══ Information provided

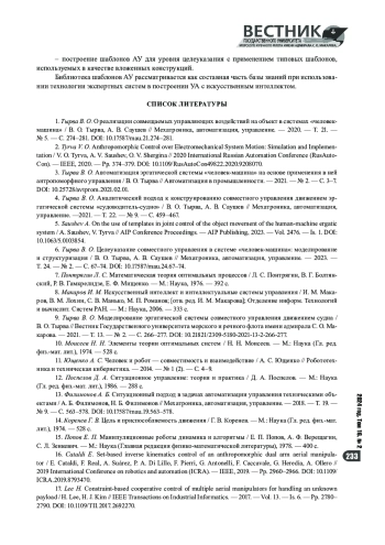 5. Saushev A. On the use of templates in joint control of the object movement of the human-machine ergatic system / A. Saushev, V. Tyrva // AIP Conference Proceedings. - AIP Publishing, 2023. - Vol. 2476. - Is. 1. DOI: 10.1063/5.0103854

════
══ Information provided

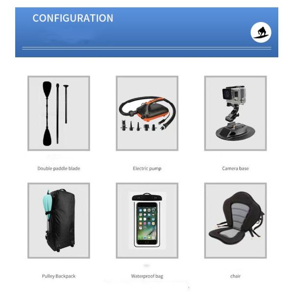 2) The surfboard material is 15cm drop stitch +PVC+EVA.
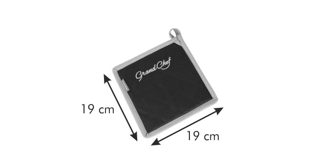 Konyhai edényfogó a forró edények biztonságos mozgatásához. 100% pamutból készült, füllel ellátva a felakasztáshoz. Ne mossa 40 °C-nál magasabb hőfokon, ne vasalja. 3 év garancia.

════

Exercise prompt: An exact copy is needed of the stretch above that opens with the line containing "2) The surfboard" and closes with the line containing "Konyhai edényfogó a"; the pictures are not part of it.

Problem solution:
 2) The surfboard material is 15cm drop stitch +PVC+EVA.
 Konyhai edényfogó a forró edények biztonságos mozgatásához. 100% pamutból készült, füllel ellátva a felakasztáshoz. Ne mossa 40 °C-nál magasabb hőfokon, ne vasalja. 3 év garancia.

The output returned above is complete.